**PROBLEM REQUIREMENTS**
Write every line below out again, exactly as given, but leave out the pictures.

**DATASET SECTION**
· · · · ·

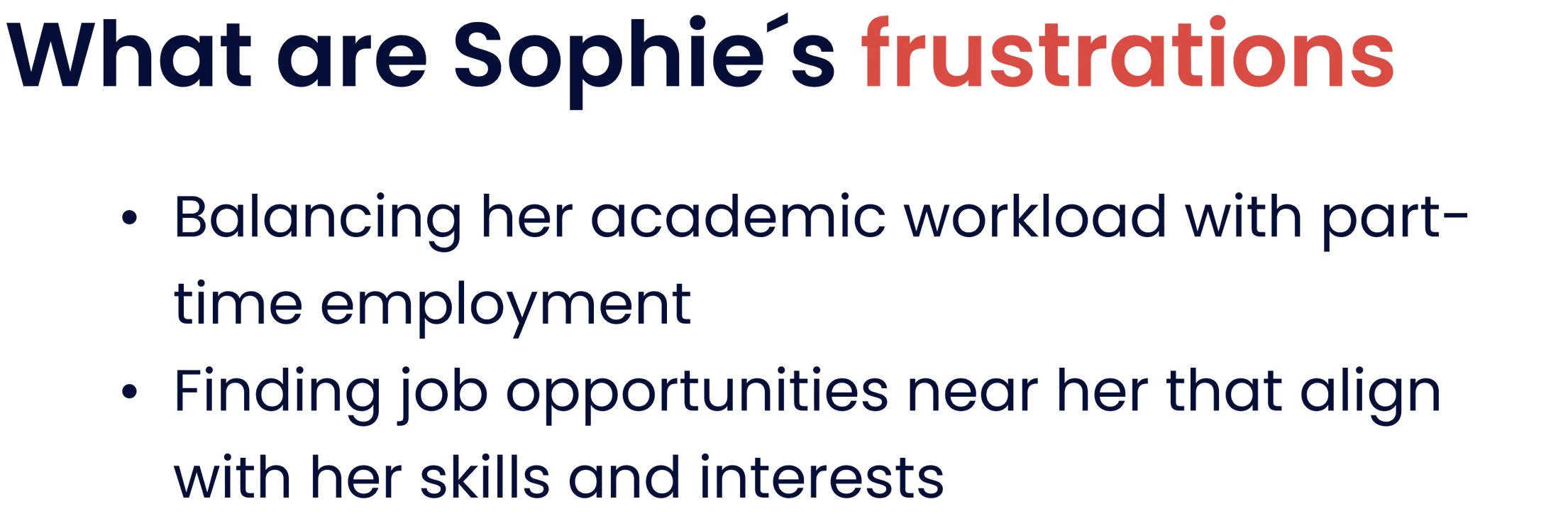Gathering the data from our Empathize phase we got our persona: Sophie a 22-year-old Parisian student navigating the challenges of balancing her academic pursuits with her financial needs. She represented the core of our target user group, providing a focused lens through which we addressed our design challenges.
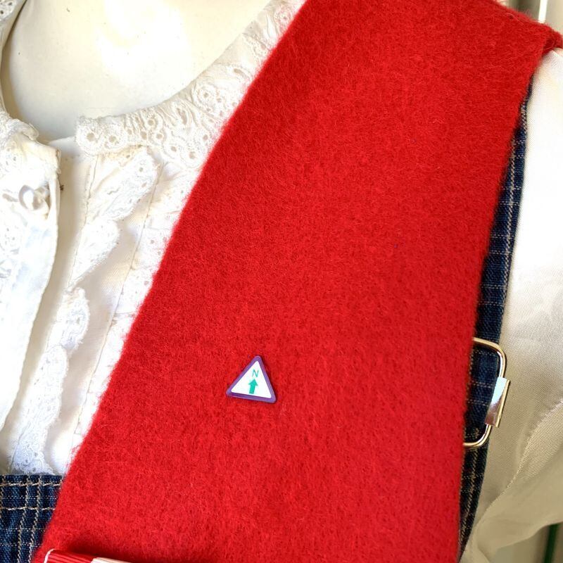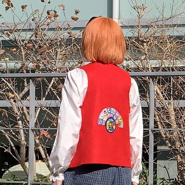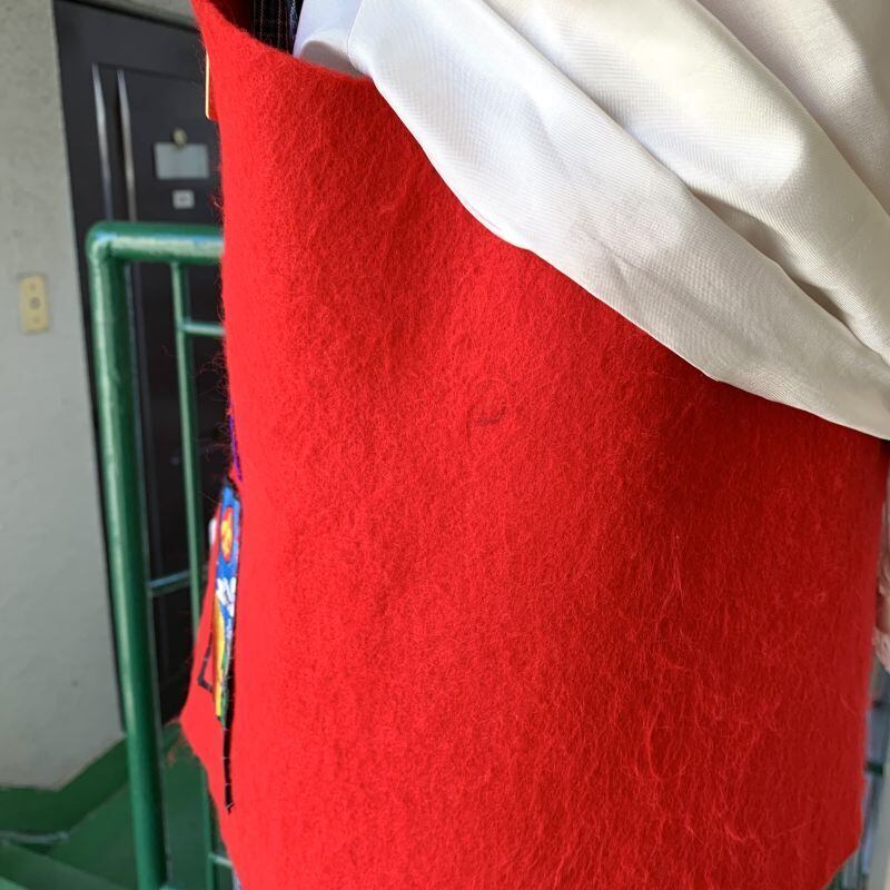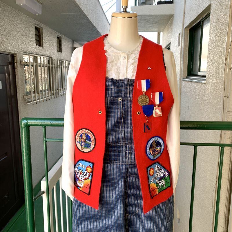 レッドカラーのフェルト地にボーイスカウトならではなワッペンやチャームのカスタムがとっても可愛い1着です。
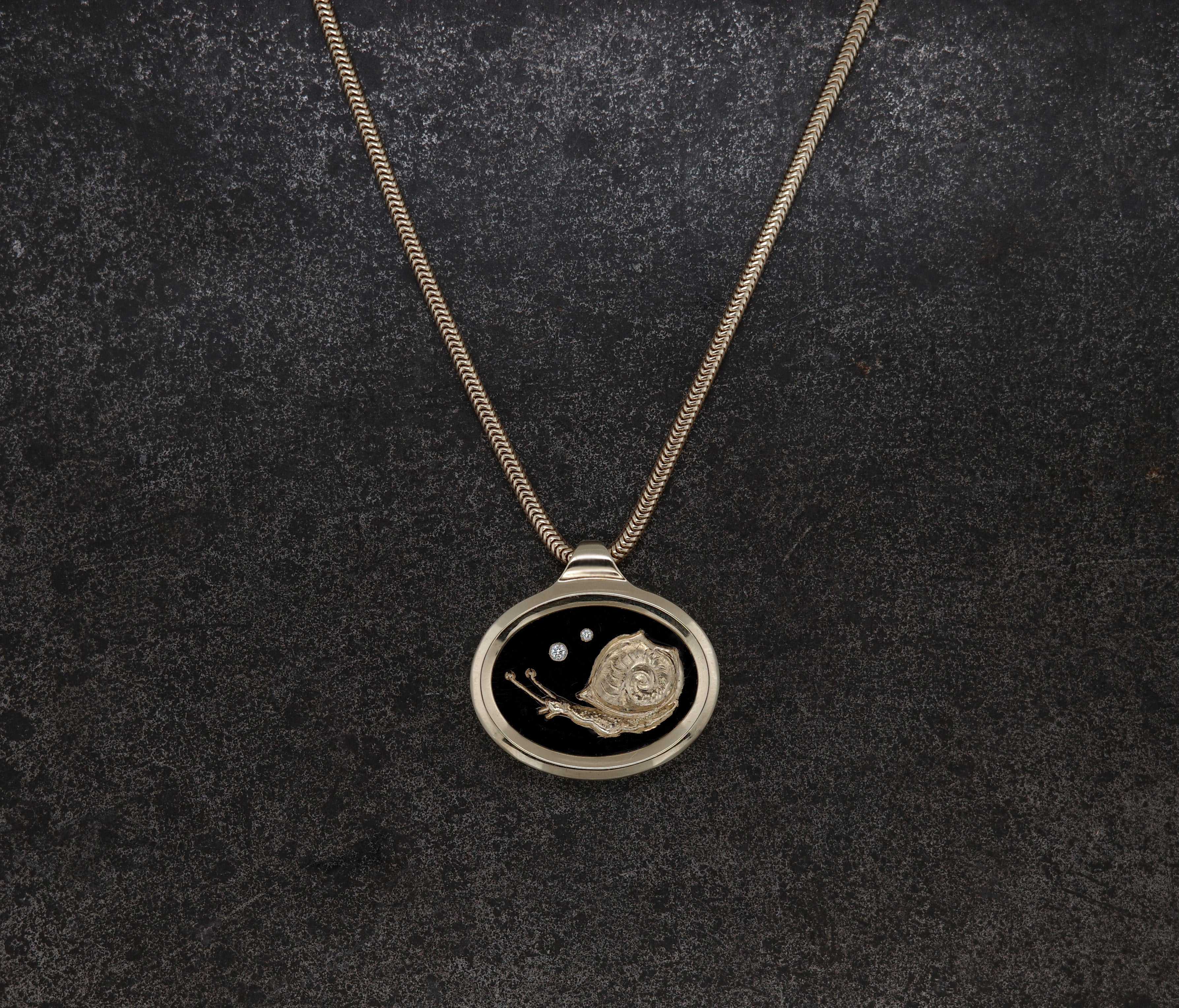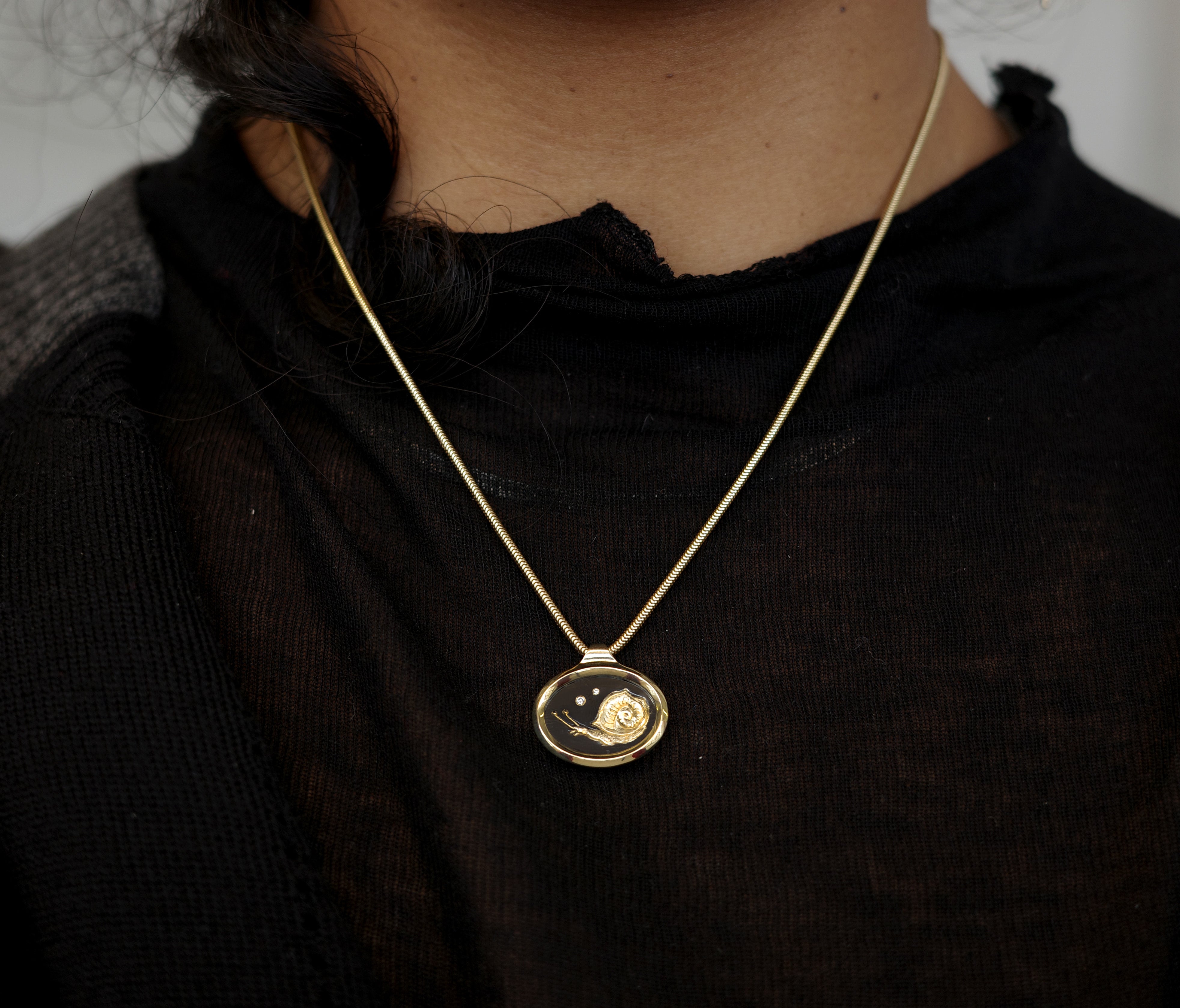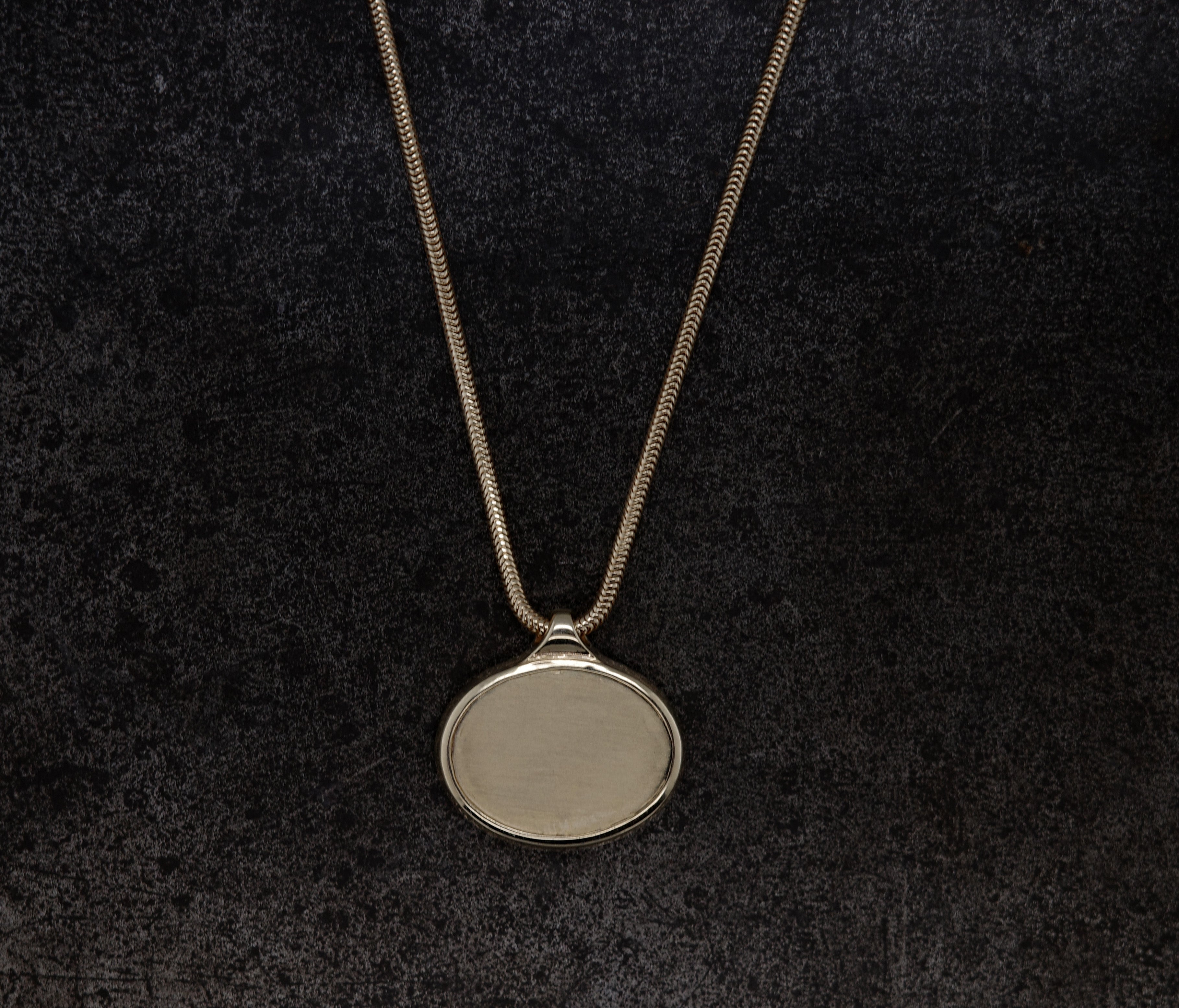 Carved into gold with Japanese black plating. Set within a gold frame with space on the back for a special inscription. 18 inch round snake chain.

· · · · ·

**REPLY**
Gathering the data from our Empathize phase we got our persona: Sophie a 22-year-old Parisian student navigating the challenges of balancing her academic pursuits with her financial needs. She represented the core of our target user group, providing a focused lens through which we addressed our design challenges.
 レッドカラーのフェルト地にボーイスカウトならではなワッペンやチャームのカスタムがとっても可愛い1着です。
 Carved into gold with Japanese black plating. Set within a gold frame with space on the back for a special inscription. 18 inch round snake chain.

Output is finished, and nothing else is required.